Aku hanya diam dan segera melangkah pergi. Langkahku cepat, ingin segera tiba di rumah tanpa kehujanan. Lalu kemudian aku menyadari ada langkah lain di sebelahku. Turut menyamakan langkahnya denganku.

"Lo takut sama hujan, Ndy?"

Enggak. Aku menjawab pertanyaannya di dalam hati. Aku tidak takut pada hujan, aku tidak takut dengan suara guruh. Aku juga tidak takut pada air. Aku cuma tidak suka kenangan-kenangan yang sudah lama sekali berlalu, kembali berputar dalam ingatan hanya karena setiap rinai hujan yang turun.

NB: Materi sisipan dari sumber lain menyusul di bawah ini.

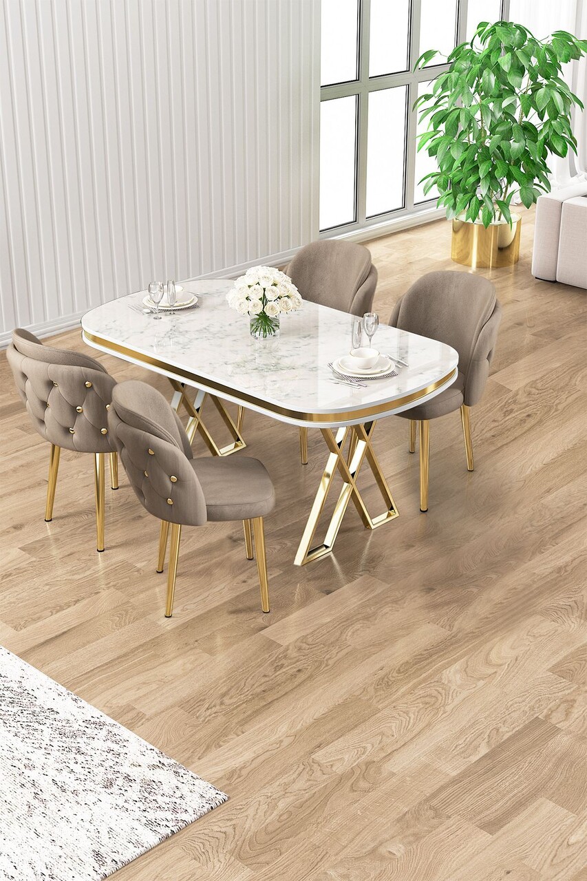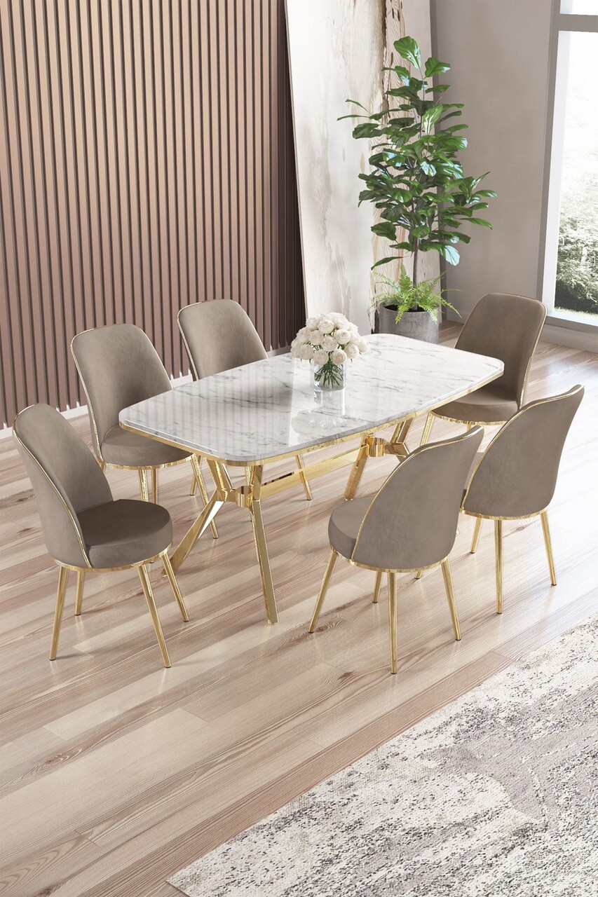 Set masă și scaune (7 piese), Hanah Home, Lena, Marmură albă / Auriu / Cappuccino

Entah mengapa, hujan selalu mampu mengurai kembali kenangan yang sudah berlalu. Kembali membawa kenangan itu memenuhi ingatan. Dan aku tidak suka hujan karena itu. Kedengarannya memang sangat melankolis atau lebay atau apapun yang boleh kalian sebut. Tetapi aku mengartikan hujan seperti itu.